• Exercise brief
The following data is to be repeated exactly, its pictures excluded.

(Beginning of Input data)

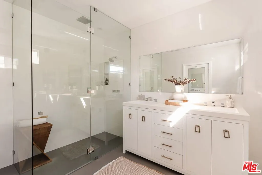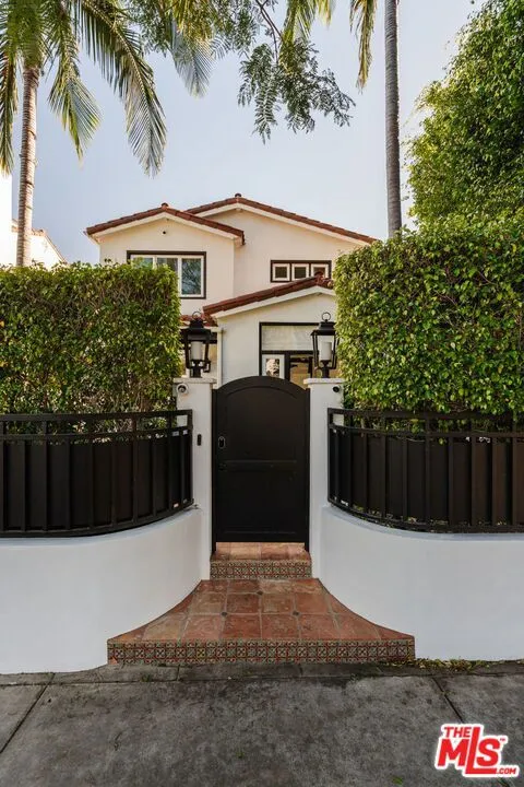 Set along a quiet, tree-lined street in a sought-after pocket of West Hollywood, this fully gated Spanish Revival has been thoughtfully reimagined through a comprehensive renovation completed between 2020 and 2024. A newly added second level and meticulous modernization of the main residence, guest house, and surrounding grounds bring contemporary ease to the home's enduring architectural character. A hedged front garden creates a graceful approach, opening to interiors defined by warm wood floors, generous natural light, and a calm, cohesive palette. The living spaces unfold with quiet refinement -- from the inviting living room to a sunlit dining area and a beautifully appointed kitchen designed for both everyday living and effortless entertaining. Caesarstone surfaces, Sub-Zero and Wolf appliances, and abundant pantry storage anchor the space with understated sophistication. Advanced home tech is seamlessly integrated throughout, including Sonos surround sound, Lutron lighting, smart climate control, dual tankless water heaters, automated pedestrian and driveway gates, and a security system with perimeter cameras. The main residence offers three en-suite bedrooms, including a serene primary suite on the main level. Here, sliding doors open directly to the garden, while a custom walk-in closet and spa-inspired bath -- featuring a glass-enclosed rain shower and dual floating vanity -- create a tranquil retreat. Designed with Southern California living in mind, the backyard unfolds as a series of intimate outdoor moments. Two custom pergolas frame areas for dining and lounging, while a turf lawn and tall privacy fencing create a secluded setting for entertaining. A fully renovated detached guest house -- with its own designer kitchen, living space, bedroom, and full bath -- offers flexibility for extended stays, a creative workspace, or potential rental income. Moments from the energy of West Hollywood's entertainment corridor and world-class dining and shopping along Beverly Boulevard and Melrose Avenue, the home offers a rare balance of architectural presence and quiet residential charm in the heart of the city.
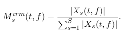 첫 번째로 Ideal Ratio Mask (IRM) 입니다. 각각의 source signal에 대한 IRM은 다음과 같이 정의되어 있습니다.
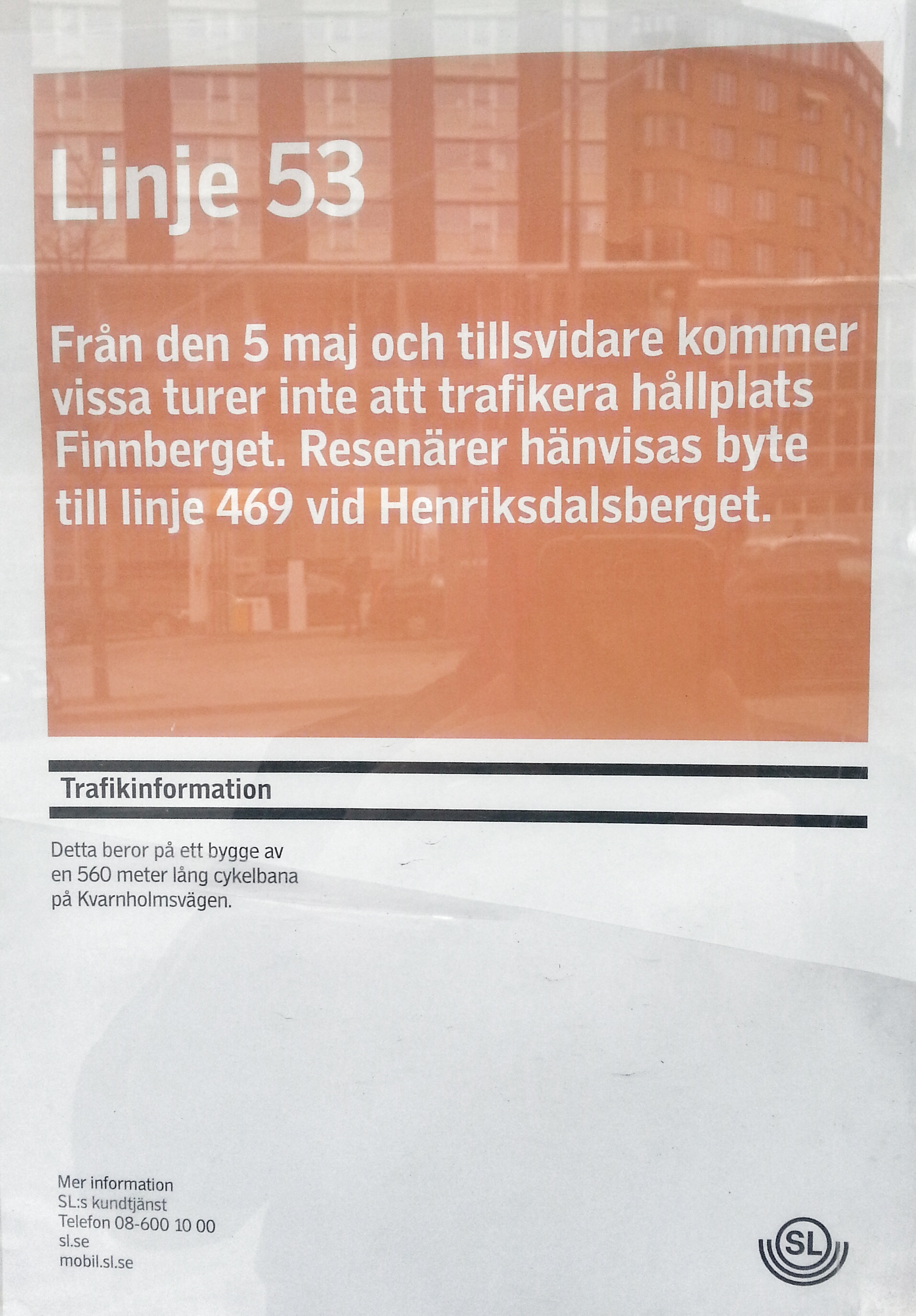Observera att SL har ett år gammal information på sina hållplatser om trafikering av Finnberget.

(End of Input data)

• Response box
 Set along a quiet, tree-lined street in a sought-after pocket of West Hollywood, this fully gated Spanish Revival has been thoughtfully reimagined through a comprehensive renovation completed between 2020 and 2024. A newly added second level and meticulous modernization of the main residence, guest house, and surrounding grounds bring contemporary ease to the home's enduring architectural character. A hedged front garden creates a graceful approach, opening to interiors defined by warm wood floors, generous natural light, and a calm, cohesive palette. The living spaces unfold with quiet refinement -- from the inviting living room to a sunlit dining area and a beautifully appointed kitchen designed for both everyday living and effortless entertaining. Caesarstone surfaces, Sub-Zero and Wolf appliances, and abundant pantry storage anchor the space with understated sophistication. Advanced home tech is seamlessly integrated throughout, including Sonos surround sound, Lutron lighting, smart climate control, dual tankless water heaters, automated pedestrian and driveway gates, and a security system with perimeter cameras. The main residence offers three en-suite bedrooms, including a serene primary suite on the main level. Here, sliding doors open directly to the garden, while a custom walk-in closet and spa-inspired bath -- featuring a glass-enclosed rain shower and dual floating vanity -- create a tranquil retreat. Designed with Southern California living in mind, the backyard unfolds as a series of intimate outdoor moments. Two custom pergolas frame areas for dining and lounging, while a turf lawn and tall privacy fencing create a secluded setting for entertaining. A fully renovated detached guest house -- with its own designer kitchen, living space, bedroom, and full bath -- offers flexibility for extended stays, a creative workspace, or potential rental income. Moments from the energy of West Hollywood's entertainment corridor and world-class dining and shopping along Beverly Boulevard and Melrose Avenue, the home offers a rare balance of architectural presence and quiet residential charm in the heart of the city.
 첫 번째로 Ideal Ratio Mask (IRM) 입니다. 각각의 source signal에 대한 IRM은 다음과 같이 정의되어 있습니다.
Observera att SL har ett år gammal information på sina hållplatser om trafikering av Finnberget.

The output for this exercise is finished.